Neutrophilic inflammation following tail-fin injury of pik3cdE1017K/+ embryos and pik3cdE525K/+ embryos. (A) Composite brightfield and maximal projection of widefield fluorescent (shown in green) micrograph stack, illustrating the TgBAC(mpx:gfp)i114 3 dpf embryo tail-fin injury used to analyse inflammation response. Transection is through the tip of the notochord, and GFP marked neutrophils counted proximal to the circulatory loop. Scale bar: 100 µm. (B) Chart of the tail-fin injury inflammation time course for 72, 3 dpf embryos from a pik3cdE1017K/+ outcross. Successive neutrophil counts at the injury site are shown as the mean±s.e.m. for embryos subsequently genotyped as pik3cdE1017K/+ (red) or pik3cd+/+ (black). Multiple Mann–Whitney tests. (C) Chart with the same data as in B but showing the neutrophil counts for the individual embryos at the 24 h post injury (hpi) end point of the analysis. Mann–Whitney test. Data shown are from one experiment. A repeat experiment with 71 embryos showed the same effect (P<0.0001 at 24 hpi), as did a 36-embryo, 4 hpi time point, pilot experiment (P=0.001). (D) Chart of the tail-fin injury inflammation time course for 71, 3 dpf embryos from a pik3cdE525K/+ outcross. Successive neutrophil counts at the injury site are shown as the mean±s.e.m. for embryos subsequently genotyped as pik3cdE525K/+ (red) or pik3cd+/+ (black). Multiple Mann–Whitney tests. (E) Chart with the same data as in D but showing the neutrophil counts for the individual embryos at the 24 hpi end point of the analysis. Mann–Whitney test. Data shown are from one experiment. A repeat experiment with 96 embryos showed the same effect (P=0.0004 at 24 hpi).
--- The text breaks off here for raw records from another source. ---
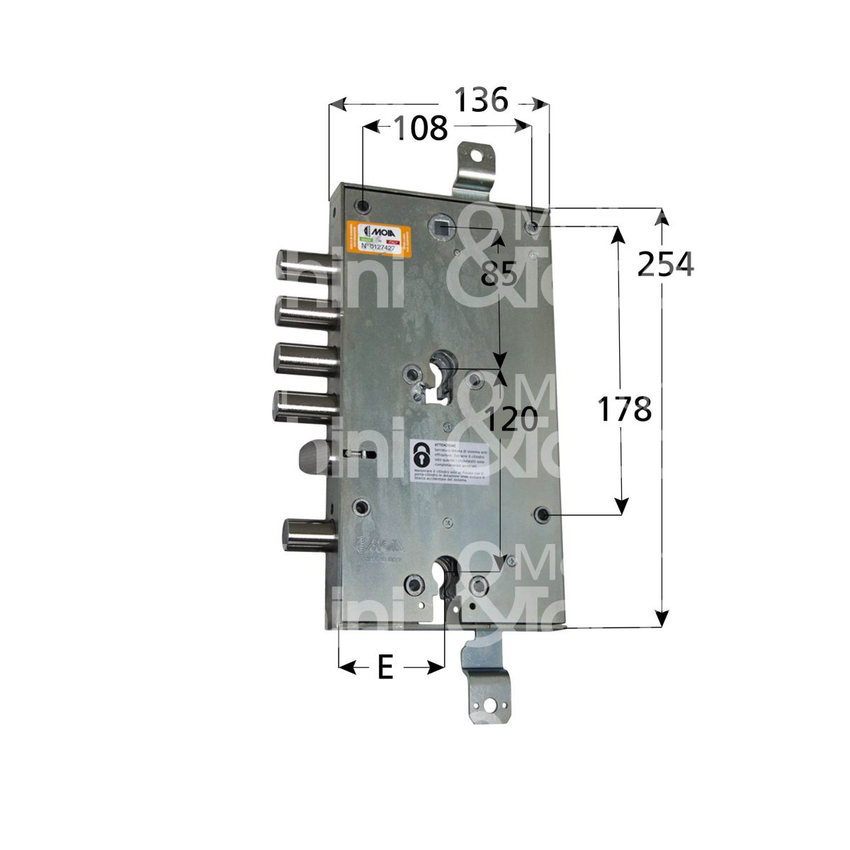Moia 6654280dfb serratura blindata a cilindro triplice e 63 ambidestra 4 catenacci piÙ scrocco e 1 servizio int. cat. 28 sporg. 3,5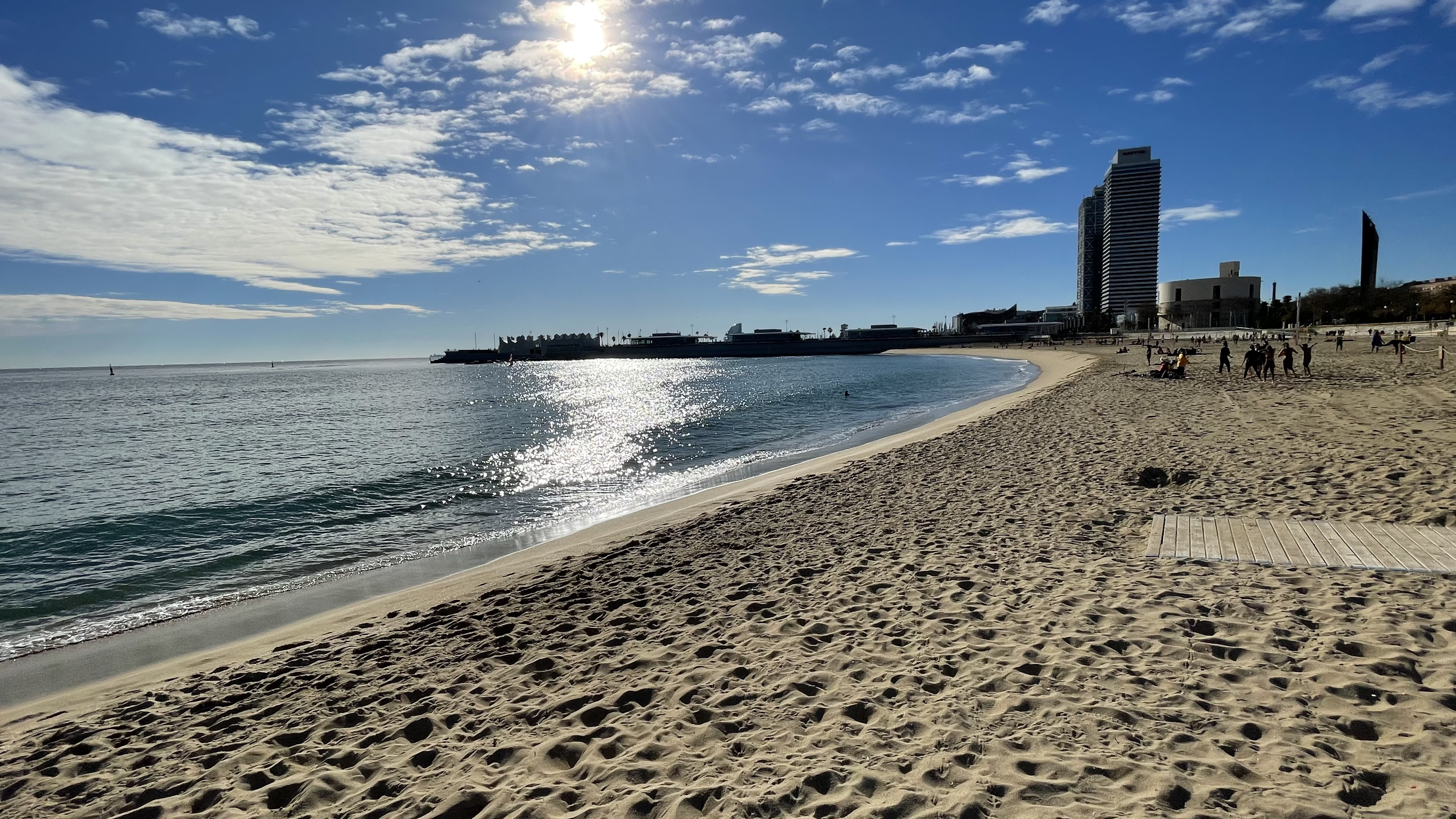 We were at the Nova Icaria Beach in Barcelona. The local name of the beach is Platja de la Nova Icària. More information from the beach can be found from the Barcelona tourism page or the Lonely Planet page.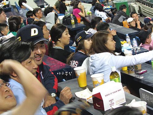 9회 말까지 경기를 다 지켜봤던 시구자와 시타자..이겼더라면 더 좋았을 텐데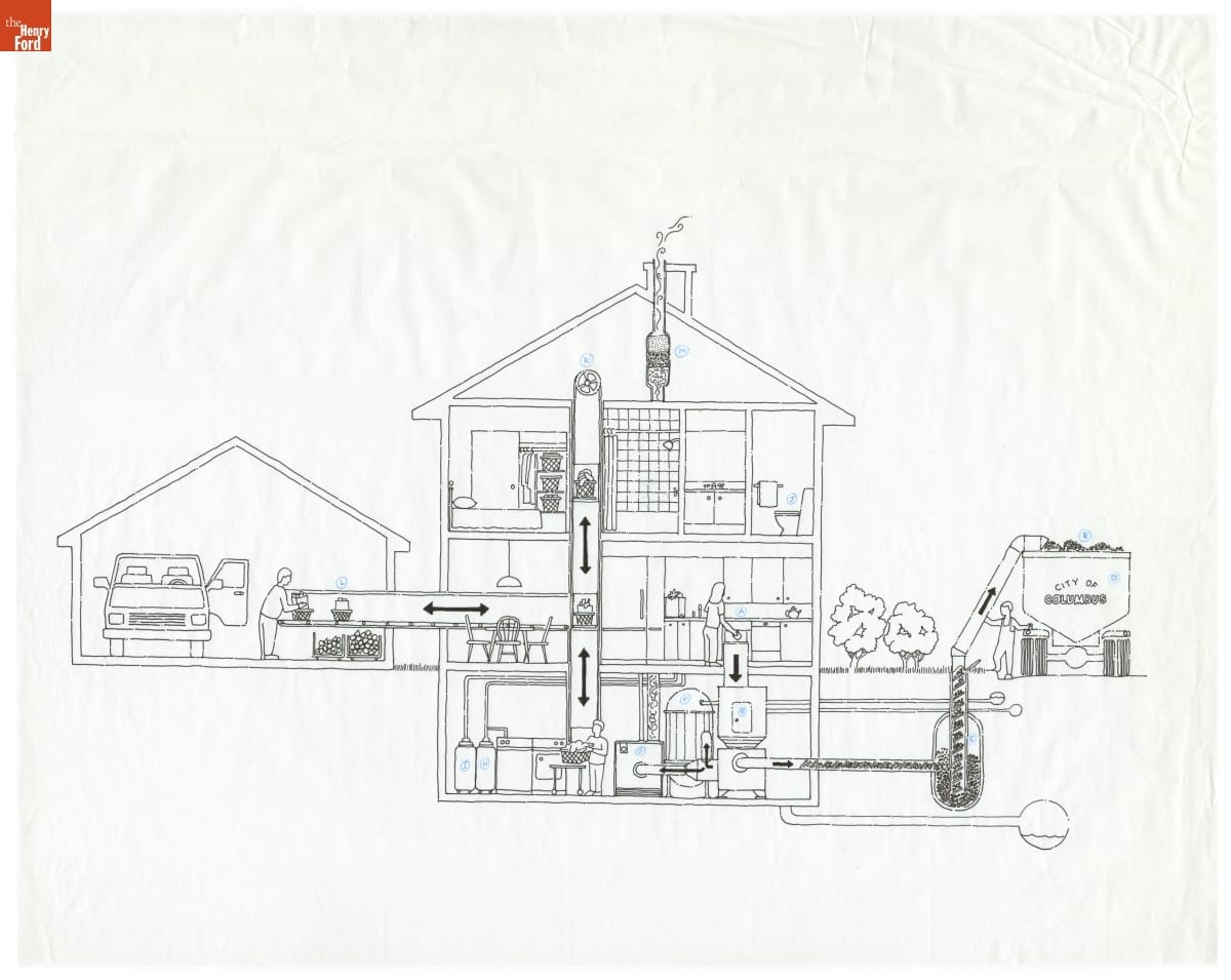 Drawing of the "Metabolic House" Concept by Bill Stumpf, circa 1989

Effect on total body neutrophils from pik3cdE1017K/+ and pik3cdE525K/+ genotype and the PI3Kδ inhibitor CAL-101. (A) Light-sheet microscopy used to count total body TgBAC(mpx:gfp)i114 neutrophils of pik3cdE1017K/+ and pik3cd+/+ 3 dpf, sibling embryos. Upper panels show maximal-intensity projections for the three views used for each embryo. Scale bar: 100 µm. (B) Chart of total body neutrophils counted from light-sheet microscopy views as in A for 19 sibling 2 dpf pik3cdE1017K/+­and pik3cd+/+ embryos. Bars show the mean±s.e.m., Mann–Whitney test. Data shown are from one experiment. (C) Chart of total body neutrophils counted from light-sheet microscopy views as in A, but for 21 pik3cdE525K/+­and pik3cd+/+ 2 dpf sibling embryos. Bars show the mean±s.e.m., Mann–Whitney test. Data shown are from one experiment. (D) Composites of brightfield and the maximal-intensity projections of spinning disk confocal fluorescent (shown in green) micrograph stacks used to count TgBAC(mpx:gfp)i114 neutrophils in sibling pik3cdE525K/+­ and pik3cd+/+ 3 dpf embryos. Scale bar: 100 µm. (E) Chart of neutrophils counted from single-sided maximal-intensity projections as in D for 96 sibling pik3cdE525K/+­ and pik3cd+/+ 3 dpf embryos. Bars show the mean±s.e.m., Mann–Whitney test. Data shown are from one experiment. (F) Composites of brightfield and the maximal-intensity projections of spinning disk confocal fluorescent (shown in green) micrograph stacks used to count TgBAC(mpx:gfp)i114 neutrophils in sibling pik3cdE1017K/+ and pik3cd+/+ 2 dpf embryos exposed between 24 hpf and 48 hpf to either 25 µM CAL-101 in 1% DMSO or a 1% DMSO vehicle control. Scale bar: 100 µm. (G) Chart of neutrophils counted from single-sided maximal-intensity projections as in F for 95 sibling pik3cdE1017K/+ and pik3cd+/+ 2 dpf embryos exposed between 24 hpf and 48 hpf to either 25 µM CAL-101 or a DMSO vehicle control. Bars show the mean±s.e.m., multiple Mann–Whitney tests. Data shown are from one experiment. Two pilot experiments with CAL-101 also showed reduced neutrophils.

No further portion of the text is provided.